Lorsqu'il remonte à la mémoire, un souvenir est fragile
Transformer un souvenir traumatique en banal mauvais souvenir, c'est le pari d'un chercheur canadien pour aider les victimes des attentats. Un pari pas si fou, puisqu'il se base sur les avancées de la recherche en neurosciences. En attendant "Envoyé spécial" du 14 septembre, découvrez la fascinante expérience qui l'a inspiré.
A Toulouse, au début des années 2000, Pascal Roulet et d'autres chercheurs du CNRS ont fait, au détour d'une expérience, cette découverte inattendue, dont les applications intéresseront les victimes de stress post-traumatique : lorsqu'il remonte à la mémoire, un souvenir est fragile... et malléable. Pour "Envoyé spécial", Pascal Roulet renouvelle cette expérience, qu'il a menée des centaines de fois sur des souris. Extrait.

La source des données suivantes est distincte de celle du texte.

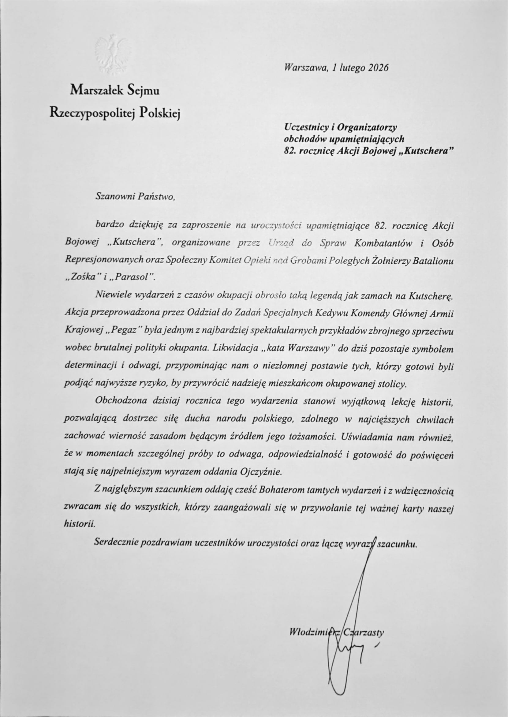 Do organizatorów wpłynęły także okolicznościowe listy od Prezydenta RP oraz Marszałka Sejmu. Ich treść znajduje się poniżej.
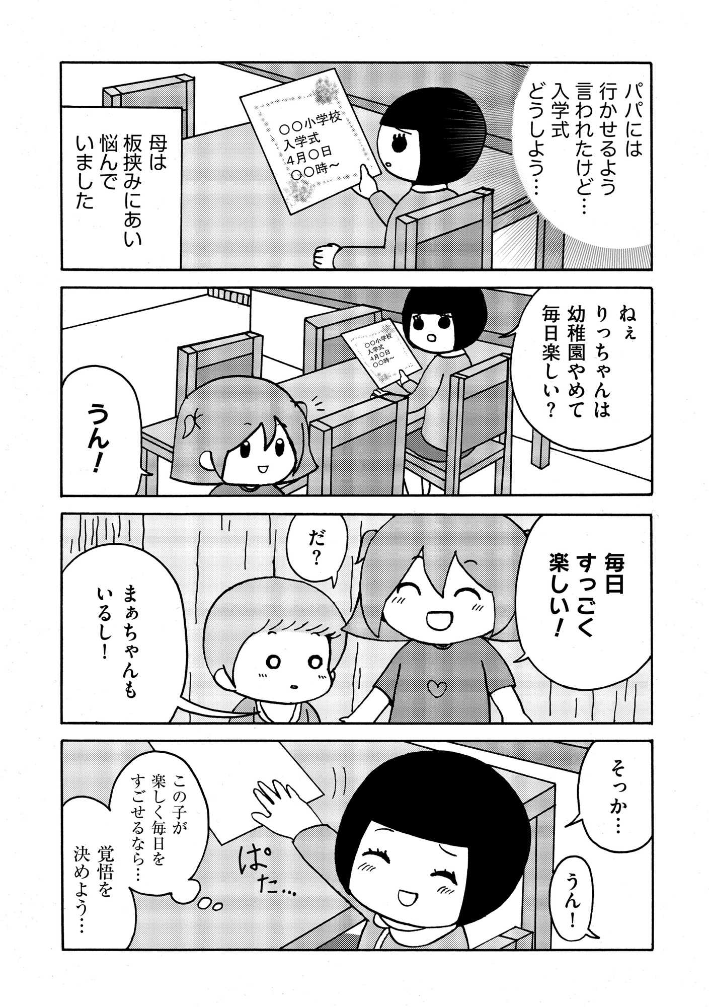 「小学校は行かせるべき」の父と「行くつもりのない」私の板挟みになる母【幼稚園から不登校の私 #5】 2025.09.05 LIFE 幼稚園から不登校の私が 試し読み試し読みマンガマンガ試し読み ▶Renta!『幼稚園から不登校の私が大学生になるまで』 ▶30日間無料▶ Amazonの読み放題をチェック! 【99円で2カ月間】 Audible が無制限で聴ける! ▶楽天KOBO 初回購入金額のポイント最大70倍! スポンサーリンク 次のページへ >> 1 2 3 【注目の記事】 48歳、高コスパコートをマネキン買いしたばかりのPTA中受ママが「羽織るだけでコーデ偏差値が爆上がりする」アイテムに出会ってしまい 「優しかったころの夫に戻って欲しい」その“希望”にすがり続けた妻が、裏切られ、心を壊していくまで 今シーズン着こなしたい【ユニクロ】の優秀スウェットパンツ。大人かっこいい着こなしのお手本スタイル【40代の毎日コーデ】 1番対策が難しかった…!頬のたるみやほうれい線につながるNG食事習慣最後のひとつ スウェットのカジュアルをきれいめに昇華!爽やかさ満点の着こなし【40代の毎日コーデ】 この記事は OTONA SALONE1 スポンサーリンク スポンサーリンク 【人気の関連記事】 40代。もう私、いつ死んだっていい気がするけど | あした死ぬには、#1 突然の病気。更年期障害。取れない疲労、お金の不安、これからの人生の迷い……。40代がぶち当たる「壁」をあまりにもリアルに描き出し、熱く静かな共感をさらった雁須磨子さ… 人前では「完璧な夫婦」を演じる夫。普段は私を無視してるって、誰も知らない【女40代はおそろしい#11】 40歳・フリーデザイナーの丸山ふさ子。 夫との攻防戦の末、「共働きだけど夫のほうが家事育児多め」という関係にやっとたどり着く。バリキャリ会社員のまい、起業家のかお… 年齢、たまに忘れてない?アラフォーあるあるが「共感しかない」と話題 「最近、若い頃と比べて何かが違う……」そんなモヤモヤを抱えているアラフォーのみなさん、必見!イラストレーターのRingoman(@ringo_fashion)さんがインスタグラムに投稿…
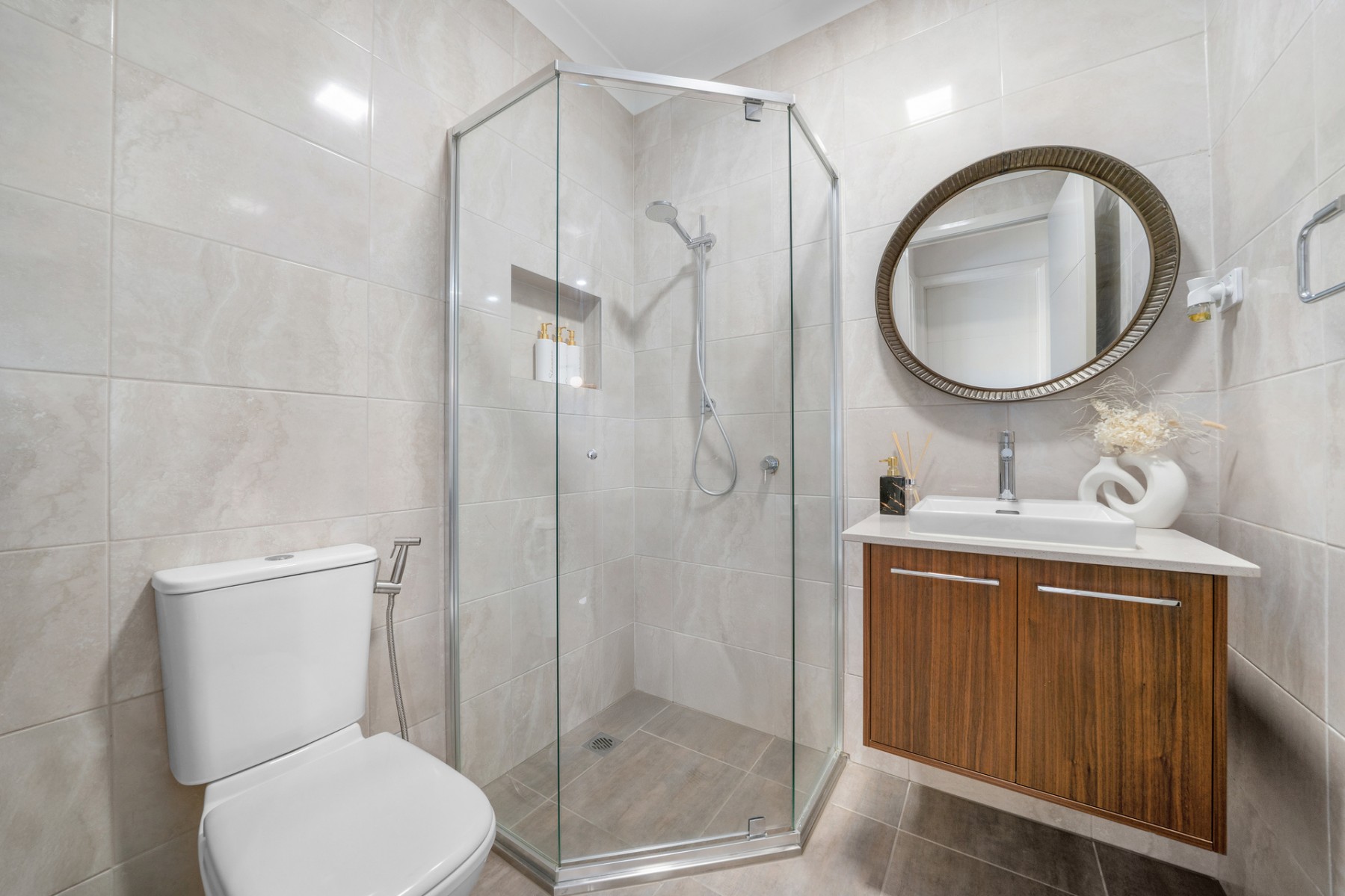 - Stylish bathrooms with full-height tiling, including a family bathroom upstairs with ensuite access, a separate toilet, and downstairs powder room with shower
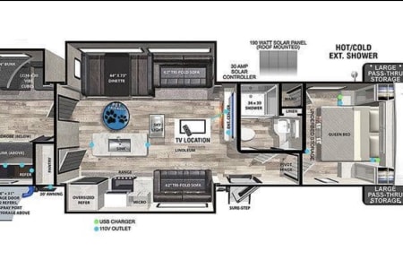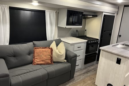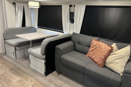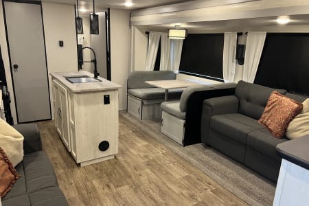 This is a 40 foot travel trailer with plenty of beds for the entire family.
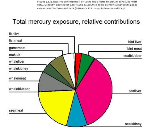 Figure 4.3.14. Relative contribution of local food items to dietary exposure from bioavailable mercury. Southwest Greenland calculated from dietary survey (Pars 2000) and animal contaminant data (Johansen et al 2003, previous chapter 3)
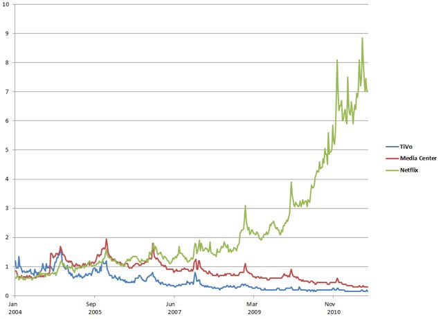 TiVo tried to make the TV smarter, but it too was outfoxed by the cable and satellite companies, who co-opted its DVR technology and stuck it in their own set-top boxes. Although TiVo is now forcing them to pay patent licensing fees, TiVo itself is in decline as a consumer brand. All you have to do is look at the chart below Ed Bott at ZDNet put together comparing searches for the term “Netflix” versus “TiVo” and “Media Center.”
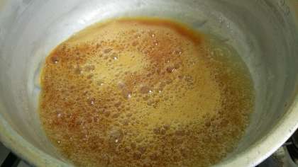 「焼きプリン」は、カラメルソースから手作りします。砂糖、水を合わせて褐色になるまでしっかり煮つめて作ります。(写真2枚目)ミニバットに入れて1クラス分ずつ焼きます。(写真3枚目)
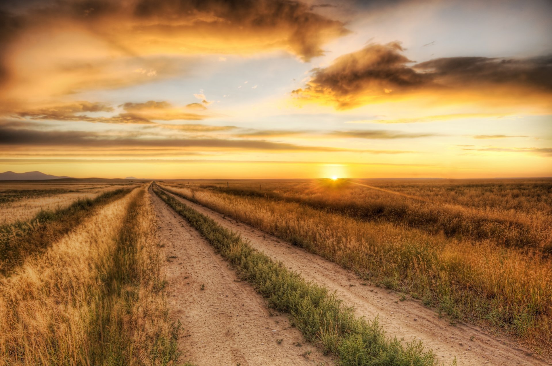 Zachód słońca w polu. pelnoekranowy. szerokoformatowy
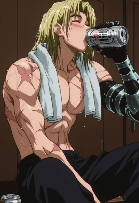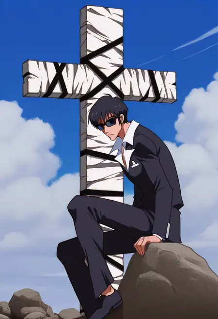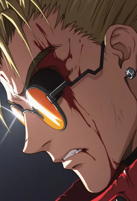 Vash the Stampede+ 태그orange glasses로 바쉬의 정식 안경을 표현 + 태그covered eyes로 안경 뒤에 눈을 가립니다.Nicholas D. Wolfwood의 경우, 멋진 외모를 위해stubble태그를 추천합니다.더 재미있는 이미지를 원할 경우
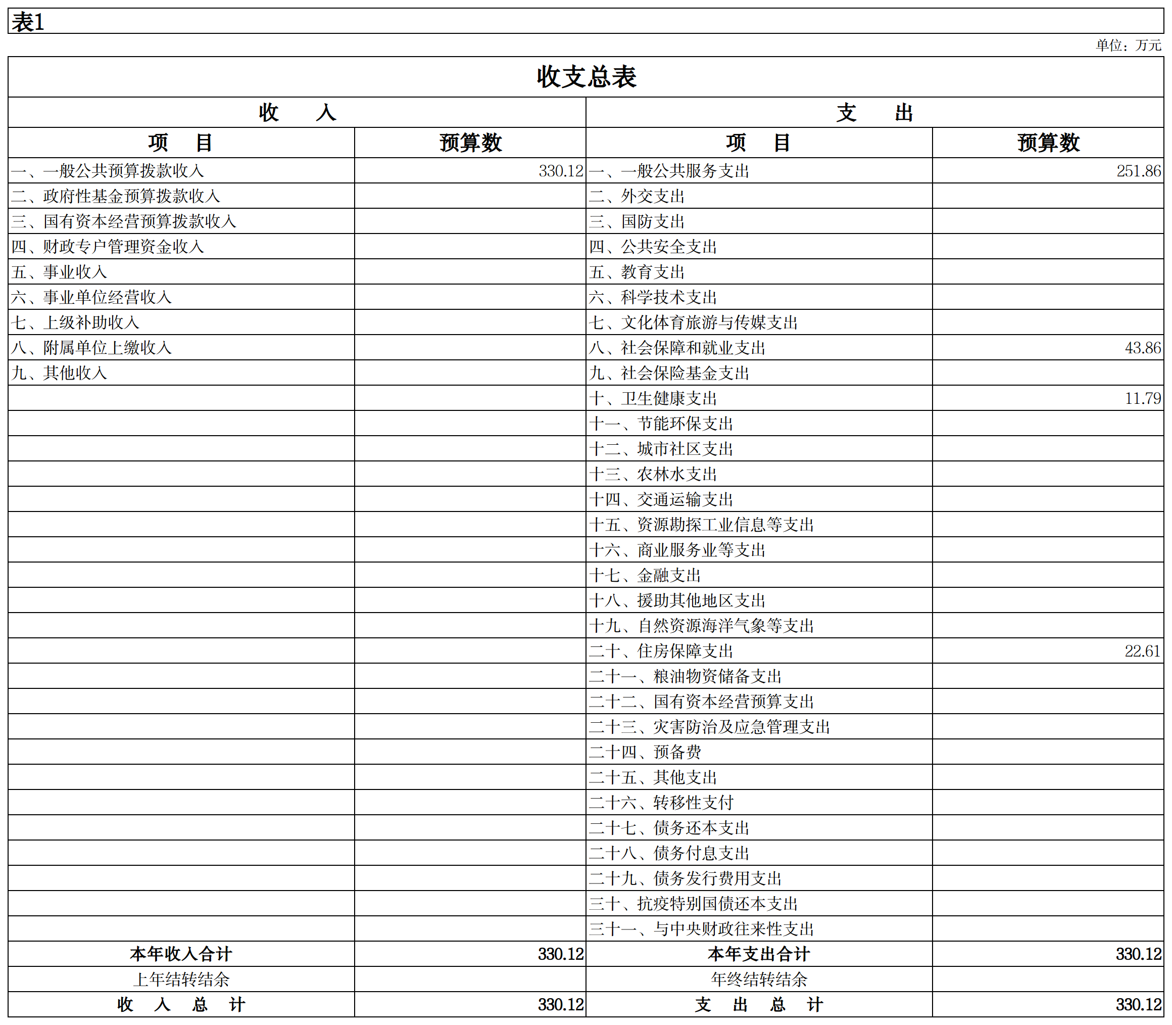 1.本年收入合计330.12万元。

Matériel : une cuve remplie d'eau. Le chercheur y plonge une souris pour la première fois. Celle-ci, en nageant, localise une plateforme immergée qui va lui servir à se reposer. Après plusieurs tentatives, le chemin jusqu'à la plafeforme est intégré, le souvenir fabriqué. Le lendemain, la souris retrouve immédiatement la plateforme. Le souvenir est ancré.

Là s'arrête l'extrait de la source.